I miss read your reply to my original post, and posted my reply. Then I saw your question afterwards. I owe you an apology, I fkd up. I think we are on the same page. Sorry brother, no excuse, I jumped before I read and thought.
 

bholler

Chimney sweep
Staff member
Jan 14, 2014
25,484
central pa
I miss read your reply to my original post, and posted my reply. Then I saw your question afterwards. I owe you an apology, I fkd up. I think we are on the same page. Sorry brother, no excuse, I jumped before I read and thought.
No prob
 

schwaggly

Burning Hunk
Sep 23, 2009
198
n.shore ma
I have the same issue. We moved into a split 2.5 yrs ago that is prone to outages. I put in a beautiful enamel regency insert upstairs. Downstairs is a nightmare. I has to block flue on both ends with roxul to keep basement from smelling like soot. The down draft is brutal at 25ish ft. The hearth extends 8 inches. Im hoping an exhaust fan does the trick. An insulated 6 inch liner might not fit, the 6 on first insert barely fit. Pics and measurements forthcoming. I do like hogwildz counter point on insert fans. I do use one and find it necessary but there is no be all end all solution.
 

schwaggly

Burning Hunk
Sep 23, 2009
198
n.shore ma
20180910_090606.jpg
Chimney is on exterior and I want a cook surface.
 

Ashful

Minister of Fire
Mar 7, 2012
15,715
Philadelphia
Downstairs is a nightmare. I has to block flue on both ends with roxul to keep basement from smelling like soot. The down draft is brutal at 25ish ft. The hearth extends 8 inches. Im hoping an exhaust fan does the trick.

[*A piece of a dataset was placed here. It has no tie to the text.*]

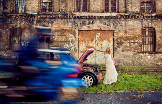 Mr. Krzysztof from Gdansk rented a motorcycle Kawasaki ZX12R and gave his wedding session unique character. The fastest motorcycle in the world 2001 took part in the pictures of the Bride and Groom together with the stylish Mini Cooper.

Maybe I’m reading you wrong, but wouldn’t an exhaust fan in the house make any downdraft issue worse?
 

begreen

Mooderator
Staff member
Nov 18, 2005
89,548
South Puget Sound, WA
I have the same issue. We moved into a split 2.5 yrs ago that is prone to outages. I put in a beautiful enamel regency insert upstairs. Downstairs is a nightmare. I has to block flue on both ends with roxul to keep basement from smelling like soot. The down draft is brutal at 25ish ft. The hearth extends 8 inches. Im hoping an exhaust fan does the trick. An insulated 6 inch liner might not fit, the 6 on first insert barely fit. Pics and measurements forthcoming. I do like hogwildz counter point on insert fans. I do use one and find it necessary but there is no be all end all solution.
Do both chimneys terminate at close to the same height? If so that could be the problem. Elevating the 1st floor's flue may address this issue.
 

schwaggly

Burning Hunk
Sep 23, 2009
198
n.shore ma
Inline exhaust fan would be on the back of stove before cleanout to push smoke up chimney. Stack height would be a possibility but upstairs stove was not lit, this is more of a barometric pressure thing. It smelled like wet soot on a cooler overcast day, gross. Alot of people use a balloon contraption to remedy this but I had roxul on hand and didnt want to spend X amount of dollars and wait a week.
 

schwaggly

Burning Hunk
Sep 23, 2009
198
n.shore ma
Thanks for input. Im looking at a russo c/w or a nightingale both rear vent and will fit and both are cheap from my buddies massive collection of guy stuff. Any thoughts.
 

bholler

Chimney sweep
Staff member
Jan 14, 2014
25,484
central pa
Inline exhaust fan would be on the back of stove before cleanout to push smoke up chimney. Stack height would be a possibility but upstairs stove was not lit, this is more of a barometric pressure thing. It smelled like wet soot on a cooler overcast day, gross. Alot of people use a balloon contraption to remedy this but I had roxul on hand and didnt want to spend X amount of dollars and wait a week.
You dont want a fan in the pipe.
 

schwaggly

Burning Hunk
Sep 23, 2009
198
n.shore ma
You dont want a fan in the pipe.
Why? I thought that was a thing. Inline draft inducing fan.
Are there any other work arounds?
 

bholler

Chimney sweep
Staff member
Jan 14, 2014
25,484
central pa
Why? I thought that was a thing. Inline draft inducing fan.
Are there any other work arounds?
It is a thing yes. But it is a horrible thing that tries (usually unsuccessfully) to fix a problrm that should be addressed in other ways.
 

Hogwildz

Minister of Fire
Agreed on no fan inline on the pipe. BeGreen brought up a good question, that I am not sure was answered. If both flues same height, side by side, one will down draft the other that is not being used. If the issue is during warmer months that they are not being used, I'd block it off at bottom, or cap it off at top till burn season. Both stoves should have their own stacks. I think you may have some negative pressure going on in the basement, as the basement is typically cooler, and that stack wouldn't normally be down drafting in the warmer weather at least. Appliances in basement may be sucking air down that flue?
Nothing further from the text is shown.